As AI moves beyond experimentation to deployment, those in the boardroom are already realising the benefits it brings in terms of innovation, automation and more advanced workloads, says Ashley Gatehouse
Much has been made of the arrival of Artificial Intelligence (AI) within the enterprise. In recent months the subject has been much debated everywhere from boardrooms to the World Economic Forum (WEF).
As the British Prime Minister, Thersea May, told those recently gathered in Davos, “We are only at the beginning of what AI could achieve,” explaining that in the UK new AI startups were being created every week.
May went further though, suggesting the echoing of moves from within the enterprise, as she said she was prepared to “bring AI into government” as part of a wider strategy to ensure the UK was seen as a leader in this area – one reason she intended to press on with plans for the world’s first national advisory body for AI, committing £9m to the cause as it also announced that the UK will join the WEF council on AI.
As we know, many enterprises are already moving well beyond the experimentation phase to deployment, with recent research from Infosys confirming that AI deployments have already altered the way they operate. Indeed, having asked the question of more than 1,000 CXOs with decision-making power around AI, 90 percent said it had already had an impact on their organisation, with almost three quarters of those questioned stating it had transformed the way they went about their business.

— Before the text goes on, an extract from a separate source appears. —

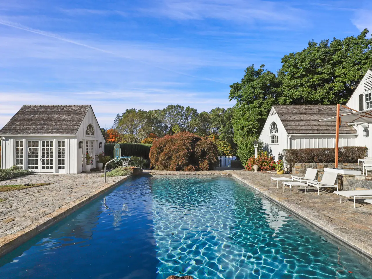 Skyland Farm. Set on one of the most prestigious country lanes, this Bedford estate sits on over 25 acres of spectacular property with rolling land, scenic views and gorgeous landscape. The up-to-the minute, beautifully executed 5 bedroom main residence has a spectacular great room as its focal point with a fieldstone fireplace, barn beam ceilings and an open style designer kitchen extending to both dining and lounging areas. Two bedroom guest cottage, pool, pool house, tennis court, gym house, art studio, sports barn, 5 stall barn with wash stall and tack room, riding ring, paddocks, greenhouse and garaging for 4 cars make this one of the most compelling offerings in the area. The beautiful primary suite includes a walk-in dressing closet, wet bath with rain shower, soaking tub, dual sinks and adjacent paneled library/study with fireplace, office and French doors to the pool. Sophistication and style is evidenced throughout the estate. The property is on the BRLA for amazing walking and riding and is less than 1 hour to NYC.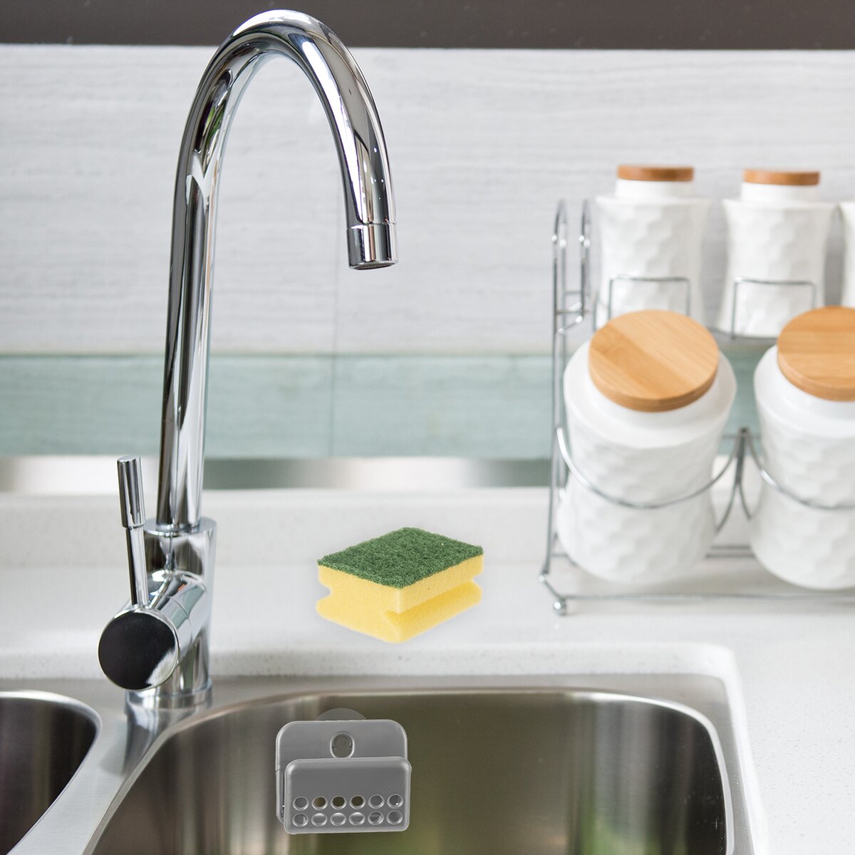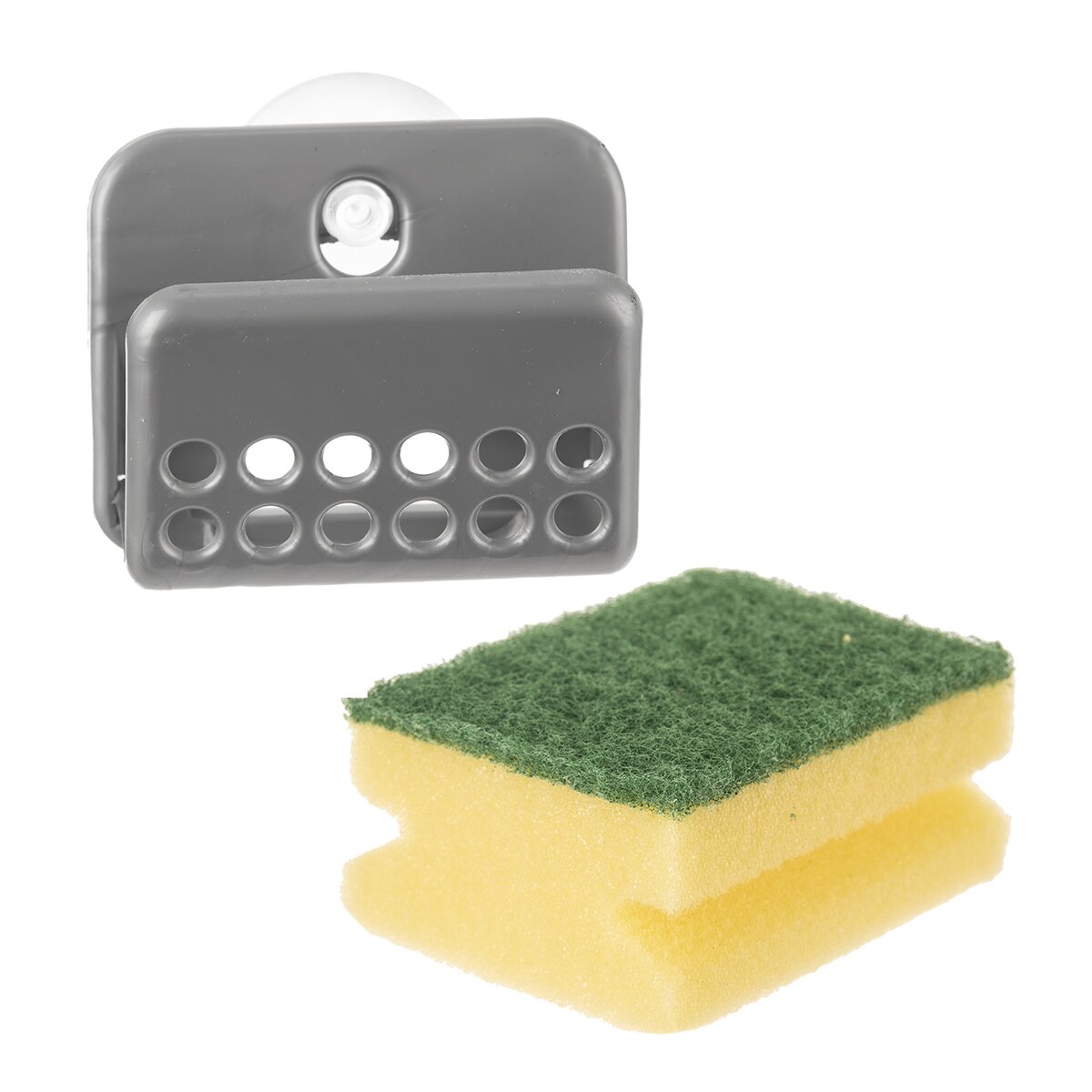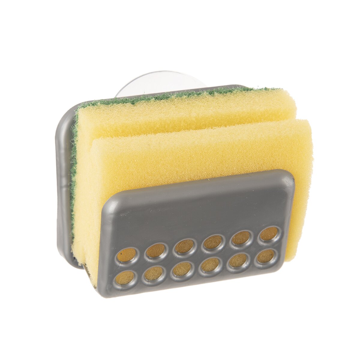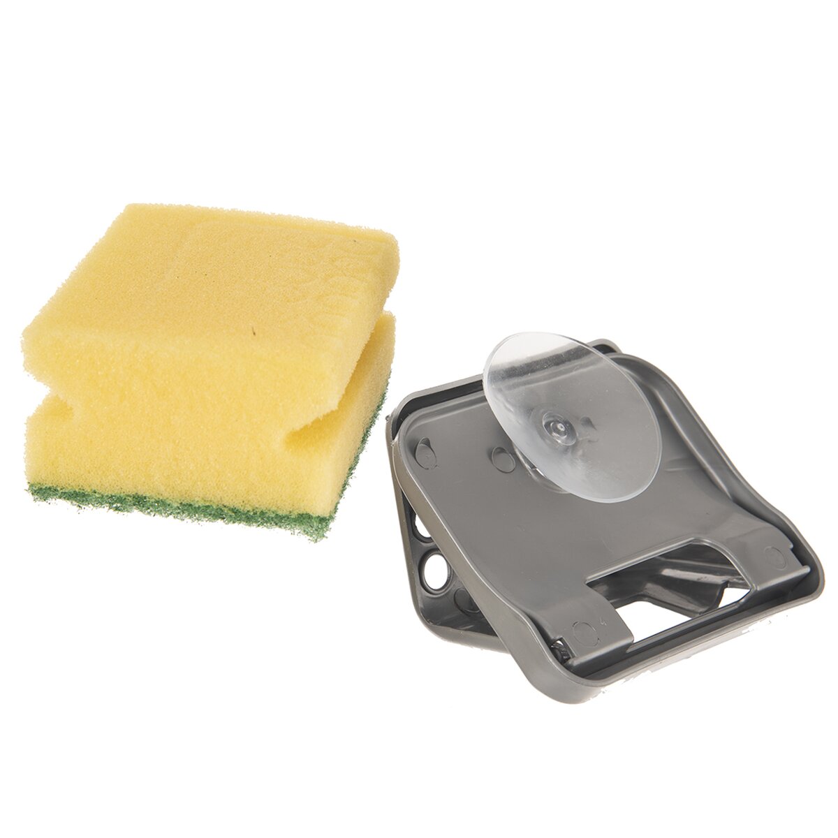 Kód produktu 540119Plastový držák s přísavkou a prostorem na kuchyňskou houbičku, kterou lze připevnit na zadní kuchyňskou desku, kachličky nebo přímo na stěnu dřezu.

These changes in such a short space of time also suggest that those firms not making provisions or plans for AI within their enterprise strategy would be making a grave mistake. With 80 percent of respondents recognising that AI would have some part to play in shaping their future strategy they indicated that they would almost certainly have to follow suit or be left behind.
And whereas once there was caution and scepticism when AI was mentioned – particularly around jobs and how they would be affected – there has been a general shift in mentality on the subject with enterprises making moves to harness such technologies to work in parallel with human masters to achieve things not possible just a few years back.
Consider the impact artificial intelligence and automation brings to various industries; the barriers it breaks down. Rather than replace, it fosters many new ways of working, bringing in other disciplines and human skillsets to help manage the process. In that respect the innovation and automation it is rapidly ushering into areas such as product design, engineering, predictive modelling and decision making itself, means it will certainly help to create jobs in other areas such as compliance.
Let’s not forget the innovation AI can bring when it comes to optimising insights and things like consumer experience. According to Infosys 80 percent of IT decision makers at organisations in later stages of AI deployment reported that they are using AI to augment existing solutions, or build new business-critical solutions and services to do this. By forcing us to think in new ways AI is helping firms to make rapid gains in both productivity and efficiency when deployed within the enterprise.
At the heart of this data remains the most precious of assets, but in some cases, for the moment, an obstacle. While the technology has moved swiftly on to allow enterprises to use it in a multitude of new ways, almost half of IT decision makers have reported that they’re not quite there in terms of being able to support the new technologies and this is forcing them to invest in data management as they bid to harness the benefits it will bring.
However, once there, AI will help to lessen the load for CIOs and IT directors and open up business intelligence (BI) and data analytics to a whole new stream of non-data professionals within firms. In turn that will allow for new insights when it comes to BI, whilst reducing the reliance on custom build solutions as AI reduces the barriers between data formats opening it up for analysis and application alongside machine learning for new and profitable areas such as data discovery, cleansing and curation.
Of course, the next generation of cloud tools are already here for enterprises to start developing new strategies and methods of IT delivery. Witness the application of Microsoft’s Azure ecosystem and how this is helping firms to handle more advanced workloads, such as big data analytics and AI-enabled applications.
Indeed, today’s intelligent cloud and edge solutions allow organisations to harness enterprise-grade AI infrastructure running AI workloads anywhere at scale, something few would have imagined just a few years ago. And that can only be a good thing for those within the enterprise.